* _EXERCISE MATERIALS_:

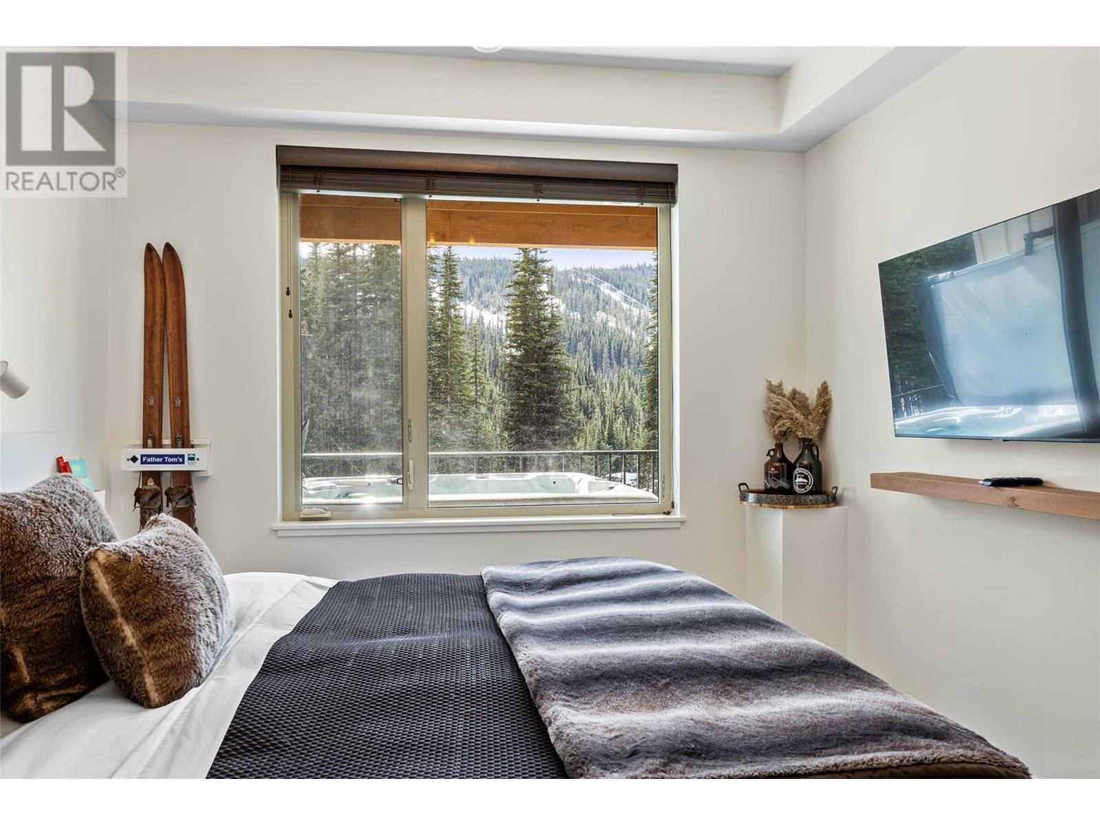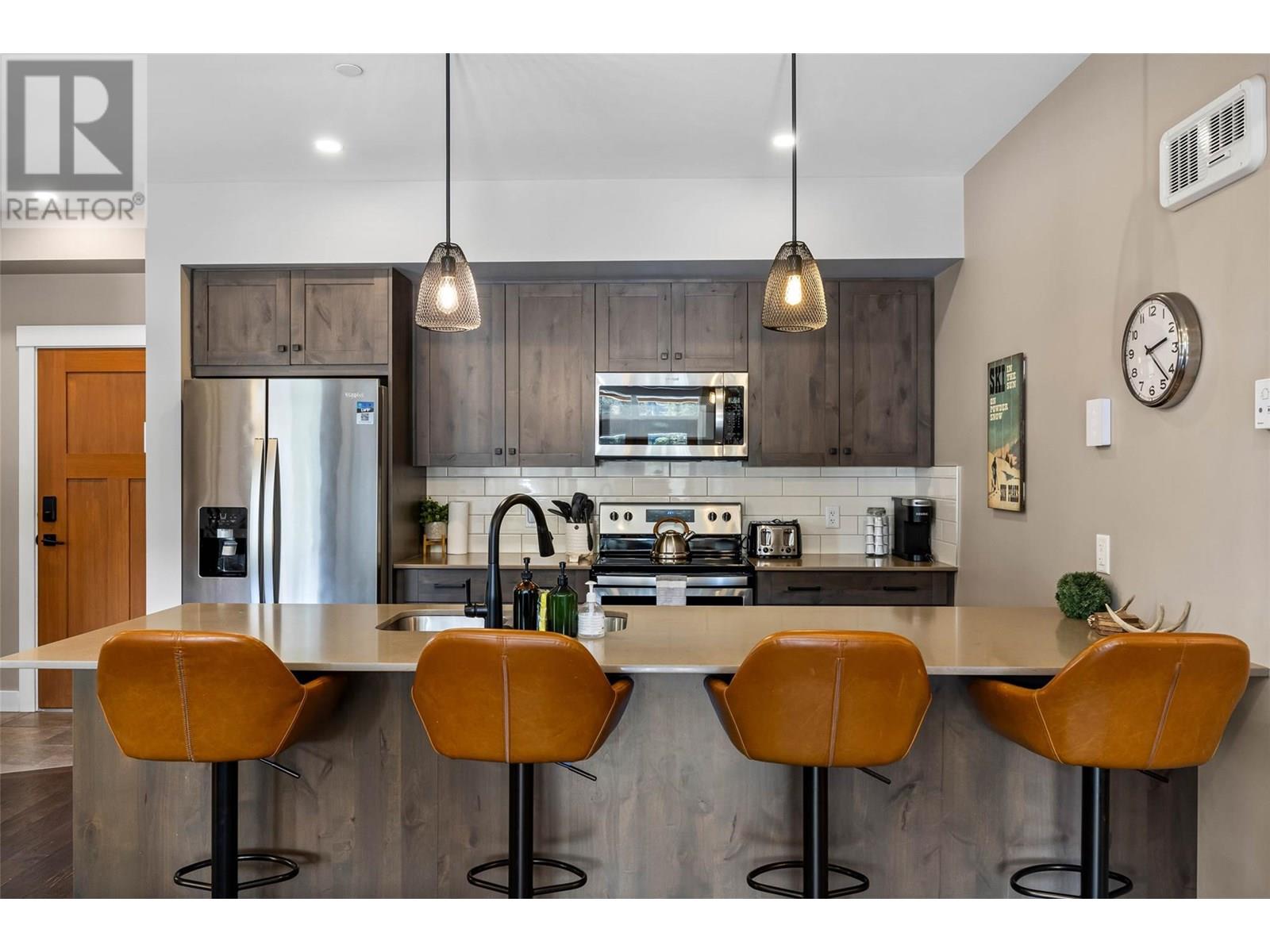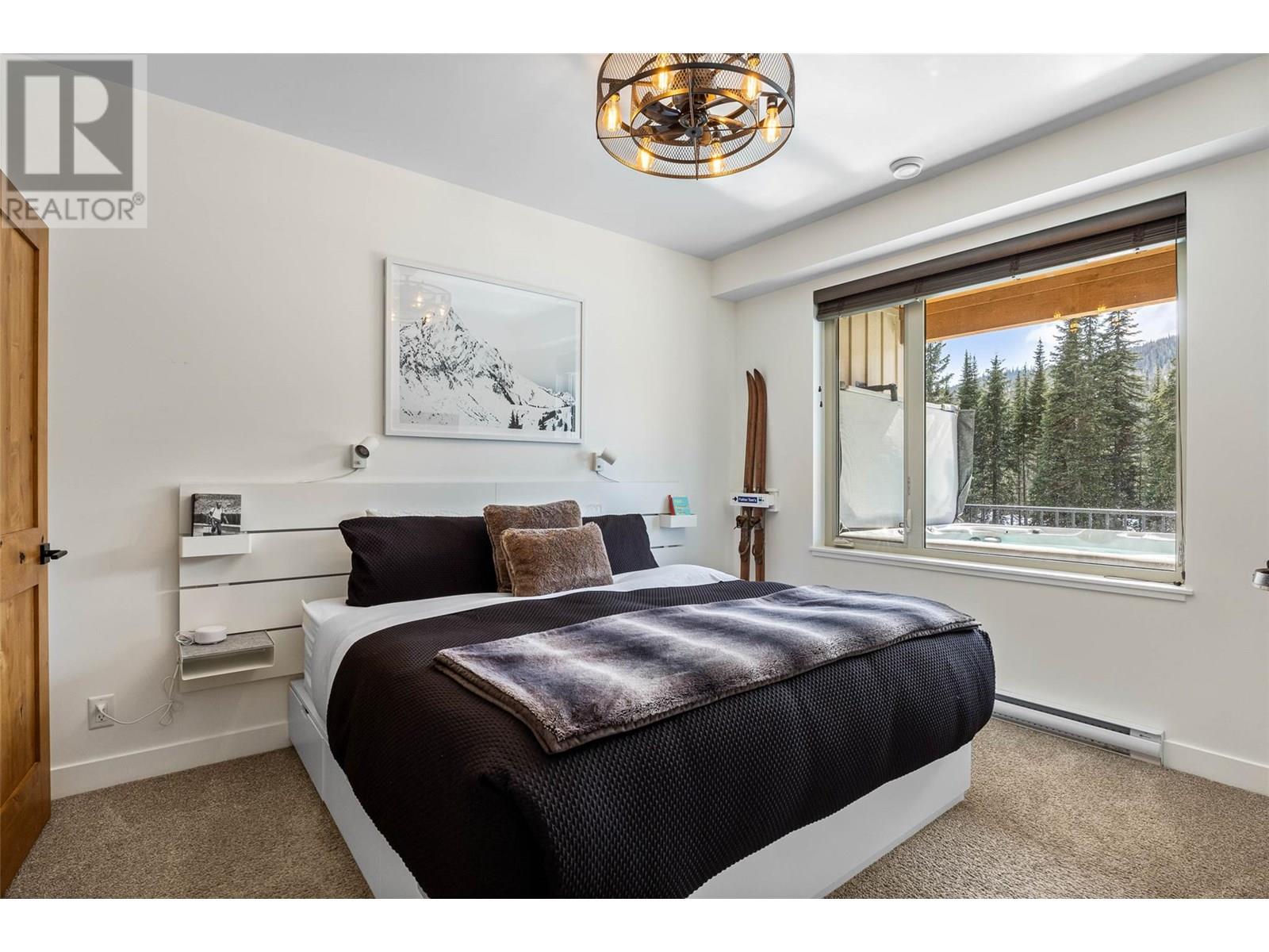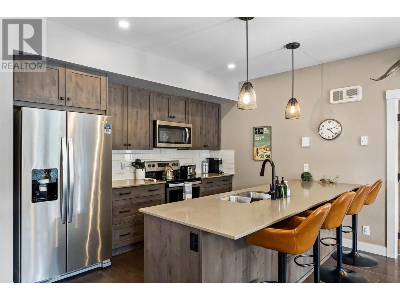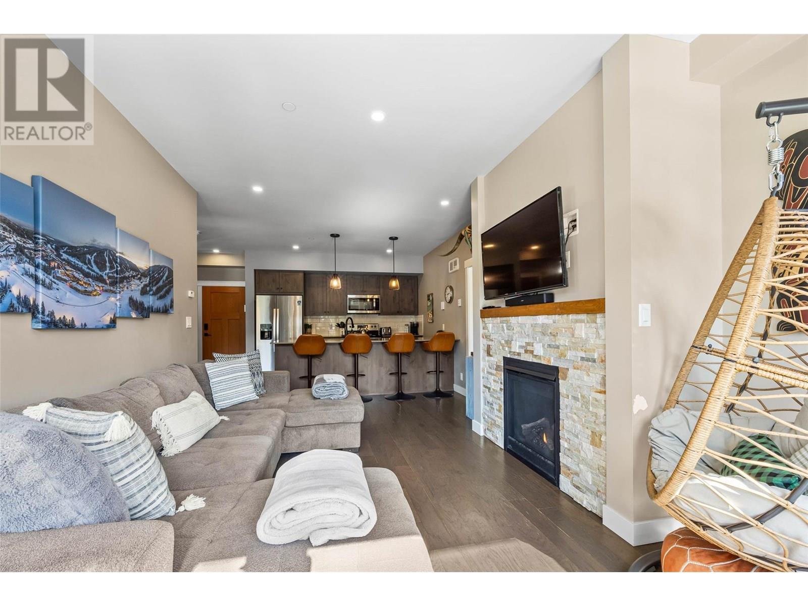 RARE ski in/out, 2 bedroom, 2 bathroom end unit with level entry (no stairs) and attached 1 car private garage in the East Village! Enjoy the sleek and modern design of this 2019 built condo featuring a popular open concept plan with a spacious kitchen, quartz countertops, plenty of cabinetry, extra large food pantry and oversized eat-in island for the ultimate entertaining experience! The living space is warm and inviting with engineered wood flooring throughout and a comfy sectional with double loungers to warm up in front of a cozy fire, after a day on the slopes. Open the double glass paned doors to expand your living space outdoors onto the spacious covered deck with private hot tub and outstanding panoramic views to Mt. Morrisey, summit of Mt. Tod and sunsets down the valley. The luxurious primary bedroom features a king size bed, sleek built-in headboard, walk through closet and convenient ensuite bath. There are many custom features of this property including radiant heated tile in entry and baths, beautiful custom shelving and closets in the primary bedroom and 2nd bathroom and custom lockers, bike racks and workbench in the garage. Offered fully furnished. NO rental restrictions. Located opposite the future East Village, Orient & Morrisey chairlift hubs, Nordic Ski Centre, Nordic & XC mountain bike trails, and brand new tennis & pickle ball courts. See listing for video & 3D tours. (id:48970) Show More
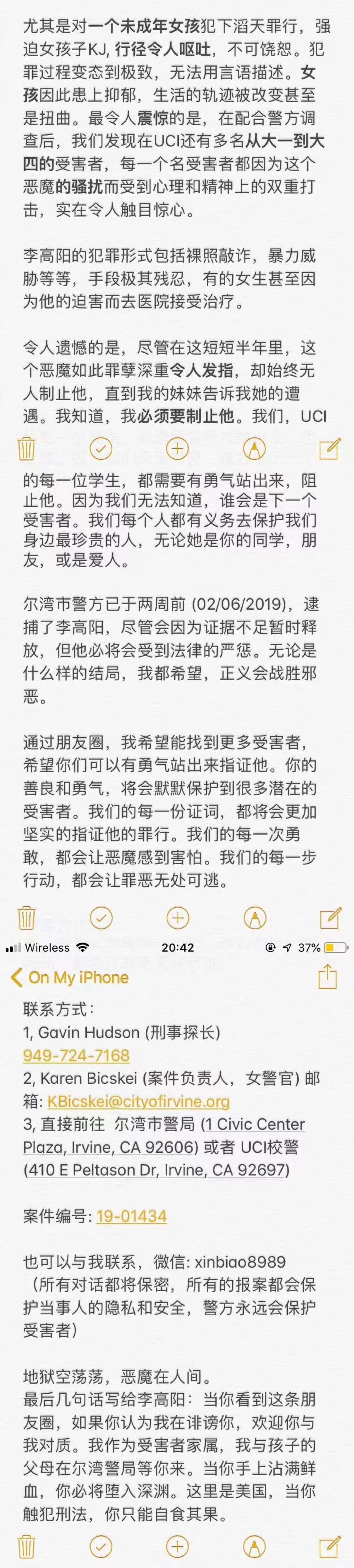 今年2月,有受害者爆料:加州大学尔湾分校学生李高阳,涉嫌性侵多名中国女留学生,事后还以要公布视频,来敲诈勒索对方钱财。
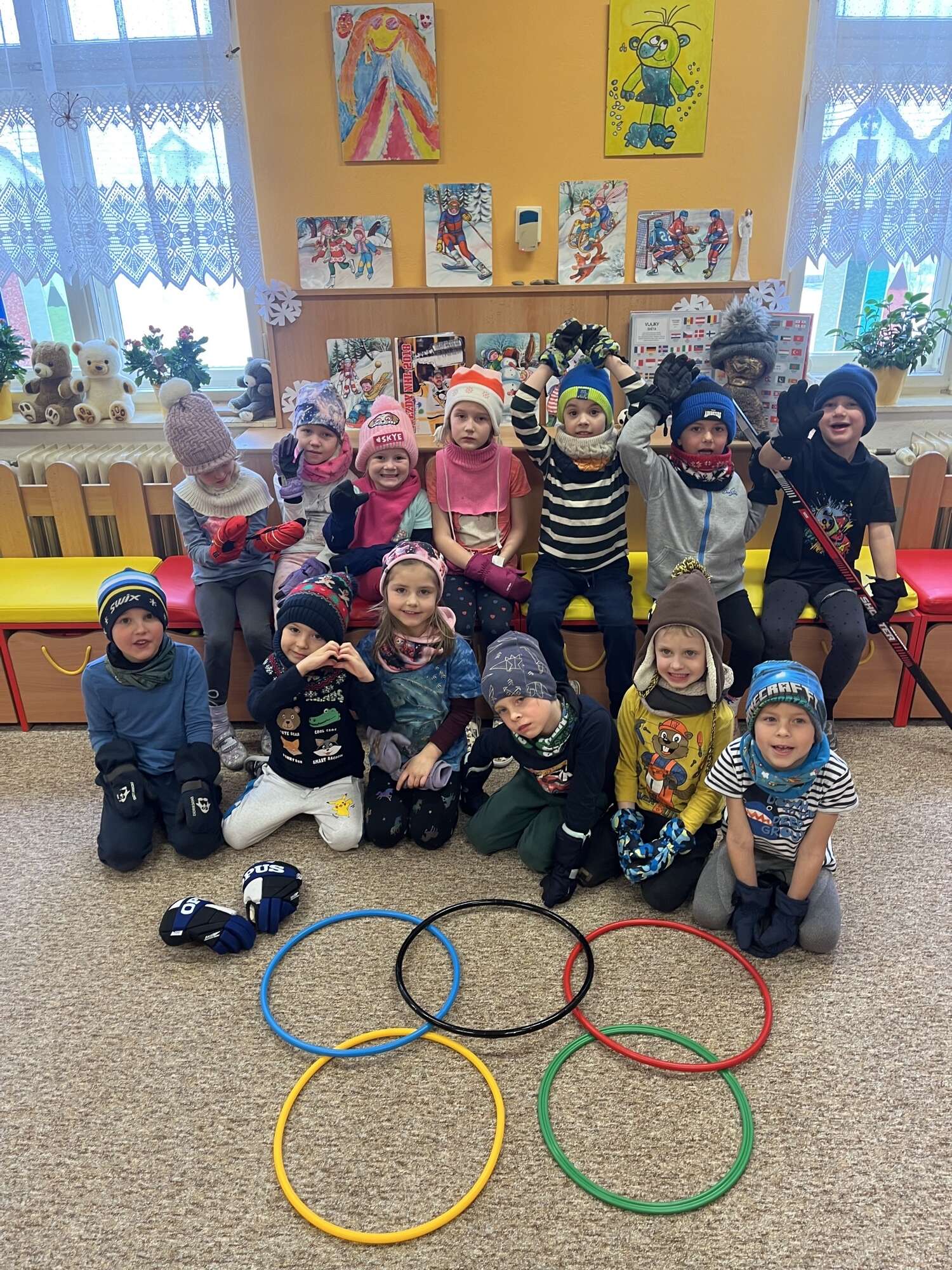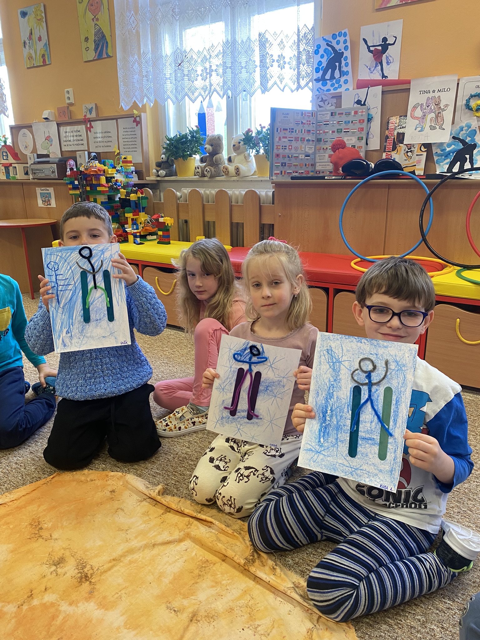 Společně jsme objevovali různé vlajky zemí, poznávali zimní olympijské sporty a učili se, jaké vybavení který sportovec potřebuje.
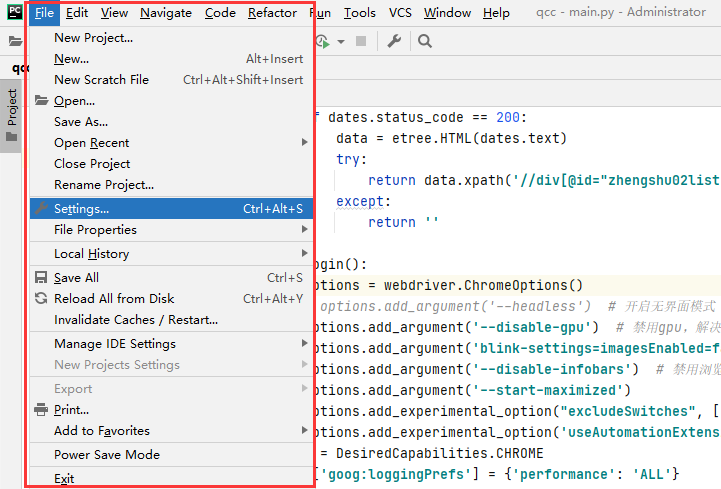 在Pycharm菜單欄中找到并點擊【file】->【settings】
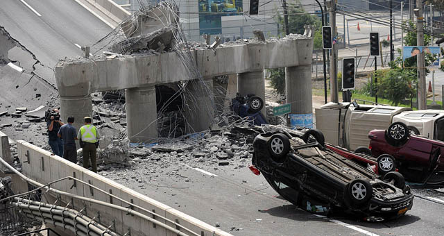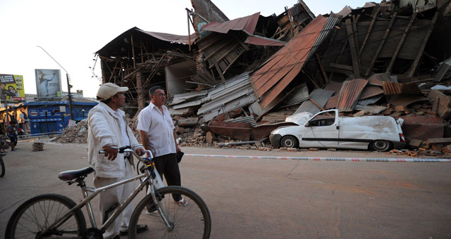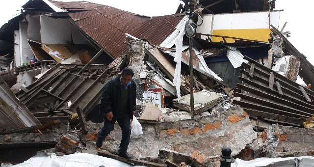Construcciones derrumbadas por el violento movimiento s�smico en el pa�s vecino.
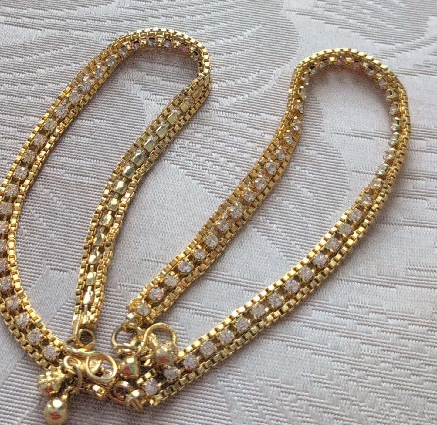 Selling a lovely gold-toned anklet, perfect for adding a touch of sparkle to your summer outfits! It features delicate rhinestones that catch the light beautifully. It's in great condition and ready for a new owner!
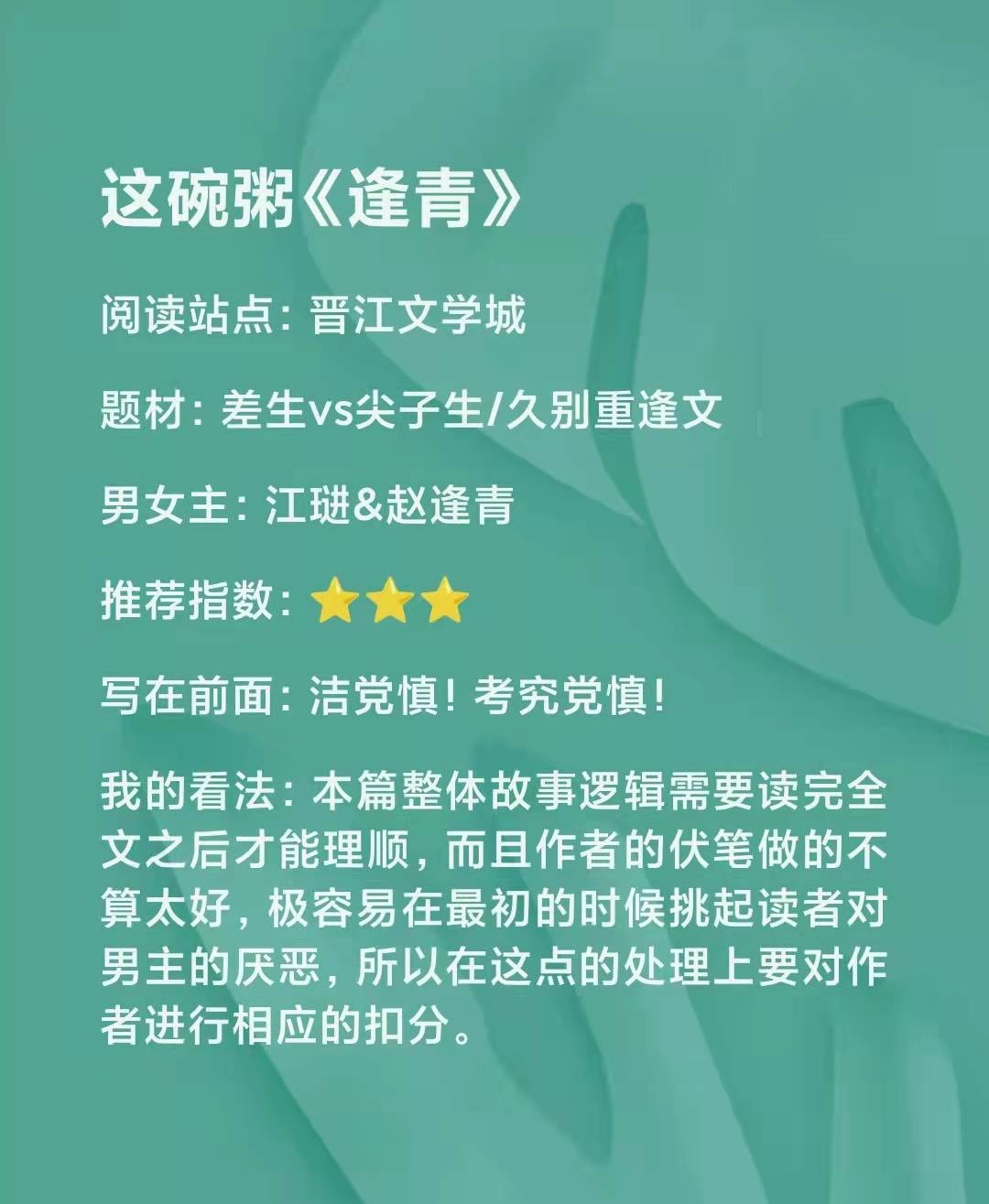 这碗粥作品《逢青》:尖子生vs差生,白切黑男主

* _THE TASK_: Only the lines from the one containing "Selling a lovely" through the final line of the listing should be reproduced, exactly and with no pictures.

* _EXERCISE ANSWER_:
 Selling a lovely gold-toned anklet, perfect for adding a touch of sparkle to your summer outfits! It features delicate rhinestones that catch the light beautifully. It's in great condition and ready for a new owner!
 这碗粥作品《逢青》:尖子生vs差生,白切黑男主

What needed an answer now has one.